Author: Eating Well
Shared by My Saratoga Kitchen Table
*Ingredients currently available at the Saratoga Farmers’ Market
• 5 pounds delicata squash*
• 4 shallots, quartered lengthwise*
• 3 Tablespoons extra-virgin olive oil*
• ½ teaspoon sea salt
• ¼ teaspoon pepper
• ½ cup honey*
• ½ cup cider vinegar*
• ½ cup pomegranate seeds
• ¼ cup pine nuts, toasted
• ¼ cup fresh mint, finely chopped*
1. Preheat oven to 400 degrees.
2. Halve squash lengthwise and scoop out the seeds. Cut crosswise into 1-inch slices. Toss the squash slices and shallots with oil, ½ teaspoon salt and pepper in a large bowl. Divide between 2 large rimmed baking sheets.
3. Roast, turning each pieces over halfway through, until squash is tender and caramelized in spots, 30-40 minutes. Transfer the squash and shallots to a serving platter.
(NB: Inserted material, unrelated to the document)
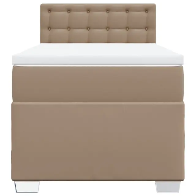 Uporabite to posteljo za uživanje v mirnem spancu! Ponuja maksimalno sprostitev in prijeten spanec. Trpežno umetno usnje: Vrhunsko umetno usnje je zelo vzdržljiv material. Je odporno na madeže, zato ga lahko preprosto čistite z vlažno krpo. Gladka površina mu prav tako daje razkošen videz in lepoto pravega usnja.Ležišče z žepkastimi vzmetmi: Ta vzmetnica z žepkastimi vzmetmi ima posamezne žepkaste vzmeti, ki delujejo neodvisno in zagotavljajo prilagojeno podporo, saj se odzivajo le na pritisk na posameznem območju. Takšna zasnova preprečuje, da bi se ležišče "zvijalo skupaj", in zmanjšuje prenos gibanja v primerjavi s tradicionalnimi ležišči z odprtimi vzmetmi. Vsaka žepkasta vzmet podpira telo posebej.Udobna vzmetnica: Ta nadvložek za vzmetnico z mehko in zračno površino poveča podporo in udobje ter hkrati podaljša življenjsko dobo vaše vzmetnice. Odstranljiva prevleka omogoča enostavno pranje, zato je vzdrževanje enostavno.Udobna opora: To vzglavje za posteljo vam zagotavlja odlično oporo za hrbet, ko sedite na postelji in berete ali gledate filme.Stabilne in vzdržljive noge: Ta postelja je podprta z robustnimi nogami, ki zagotavljajo stabilnost, varnost in trdnost. Dobro je vedeti:Zaradi higienskih razlogov vzmetnice ni mogoče vrniti po odstranitvi ali odprtju embalaže.Posteljni okvir z vzglavjem:Barva: KapučinoMaterial: Umetno usnje (75 % polivinilklorid, 5 % bombaž, 20 % poliester), vezan les, konstruiran lesDimenzije: 200 x 80 x 100,5 cm (D x Š x V)Utrjene plastične nogiceVzmetnica:Barva: Bela in kapučinoMaterial prevleke: Umetno usnje (75 % polivinilklorid, 5 % bombaž, 20 % poliester)Material polnila: Žepkaste vzmeti, penaTrdnost: SrednjaDimenzije: 80 x 200 x 20 cm (Š x D x V)Nadvzmetnica:Barva: BelaMaterial: Blago (100 % poliester)Material polnila: PenaDimenzije: 80 x 200 x 5 cm (Š x D x V)Odstranljiva in pralna prevlekaPaket vsebuje:1 x Posteljni okvir1 x Vzglavje1 x Vzmetnica1 x Nadvložek 3286099

4. A few minutes before serving, combine honey, vinegar in a small saucepan. Bring to boil over high heat. Reduce heat to a lively simmer and cook, watching closely toward the end, until reduced to about ½ cup, 5 to 8 minutes. Immediately drizzle the syrup over the squash. Serve topped with pomegranate seeds, pine nuts and mint.